In the same areas we also noted an increase in the number of Iba-1+ cells compared to controls (Fig. 4B and D). Iba-1+ cells in the cortex adjacent to meningeal inflammation had an activated appearance as compared to the contralateral hemisphere that was unaffected by meningeal inflammation (Supplementary Fig. 2).

Since recent data have demonstrated that the phenotype of astrocytes can be determined by cross-talk with microglia – and this can lead to the development of reactive neurotoxic astrocytes (Liddelow et al., 2017; Rothhammer et al., 2018), we examined whether the astrocytes in the cortex adjacent to areas of meningeal inflammation demonstrated markers of this phenotype (C3 and PSMB8). We noted the presence of C3+ and PSMB8+ GFAP+ cells (Supplementary Fig. 3) which potentially represent neurotoxic reactive astrocytes in the cortex adjacent to meningeal infiltrates.
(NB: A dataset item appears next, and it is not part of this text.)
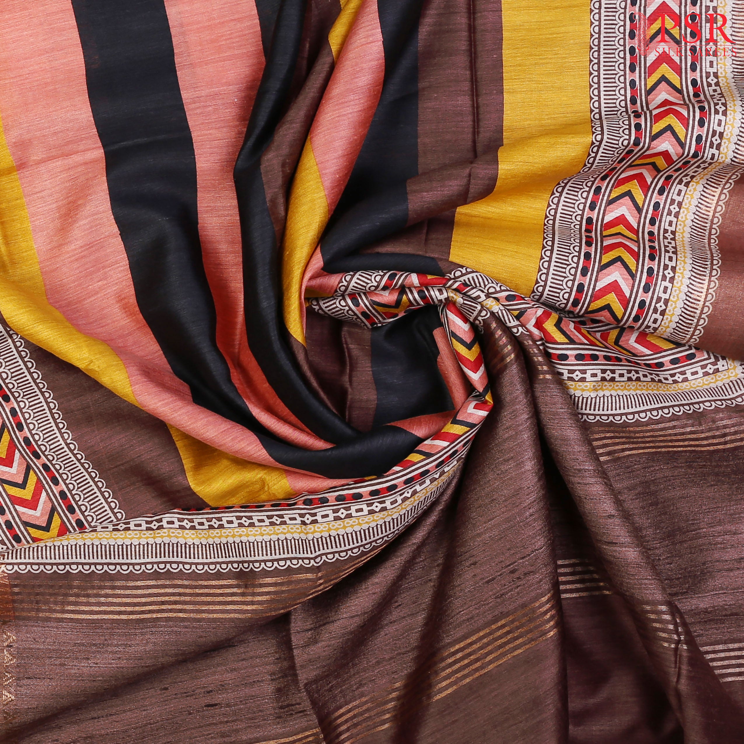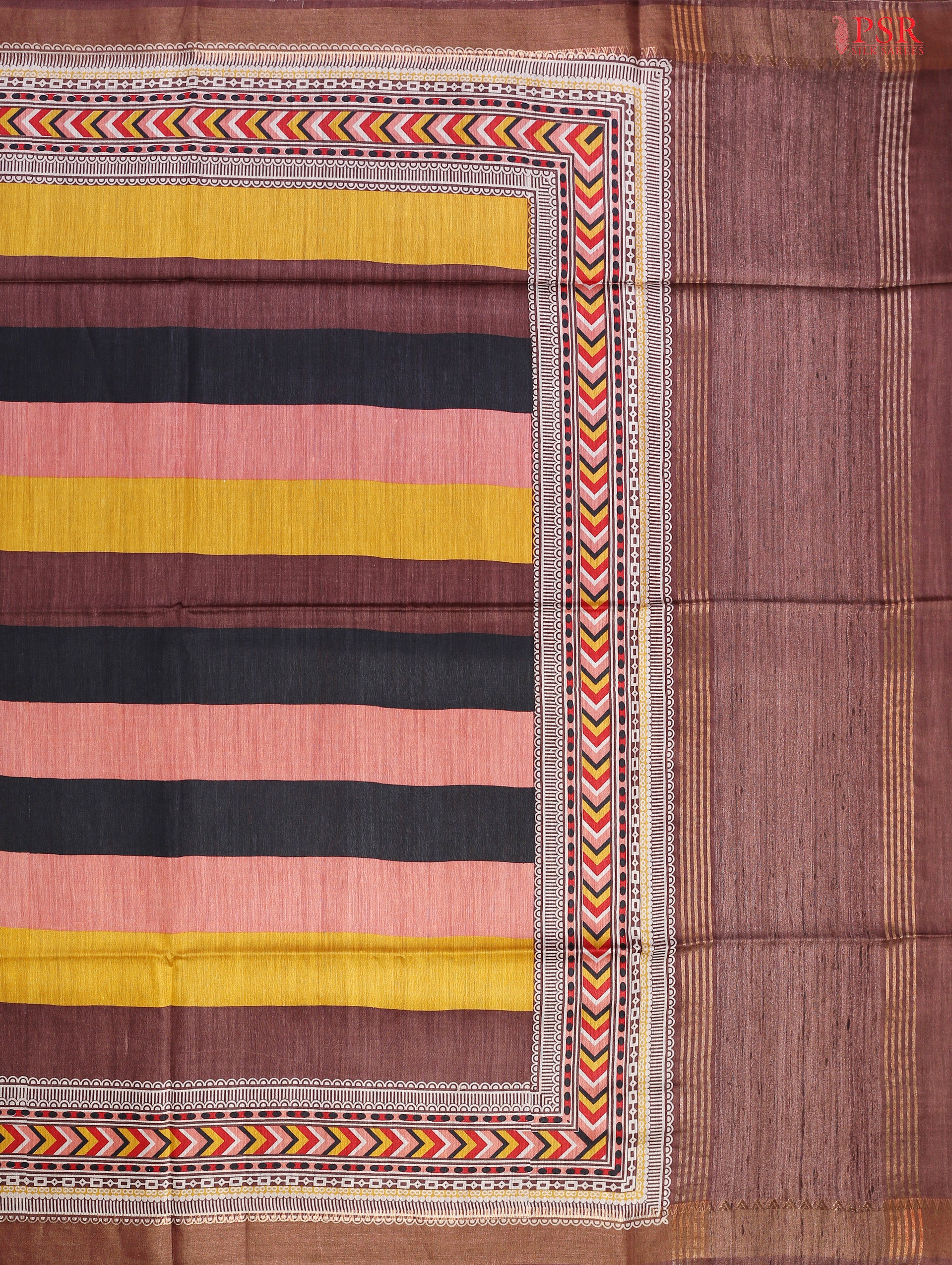 Make a striking statement with our Dark Brown Munga Silk Saree, highlighted with touches of Coral Peach, Tuscan Yellow, and Black. This elegant saree features broad multicolored stripes, adding a modern flair to its traditional essence. The dark brown pallu with tissue stripes and the plain dark brown blouse create a seamless and classy ensemble. The highlight of the saree is its big border adorned with vintage tribal prints and tissue stripes, exuding timeless charm and sophistication.
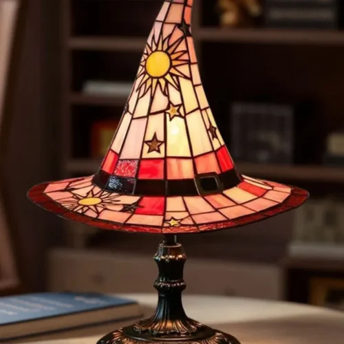 Luminária de Mesa Vitral Chapéu de Bruxa USB

Since leptomeningeal inflammation in multiple sclerosis tissue is linked to greater cortical demyelination and neuronal damage, we evaluated myelin and axonal health in the cortex adjacent to meningeal infiltrates. We performed staining for myelin using Luxol-Fast Blue dye and noted increased vacuolation and decreased staining in cortical areas adjacent to meningeal inflammation compared to controls (Fig. 5A).

Figure 5.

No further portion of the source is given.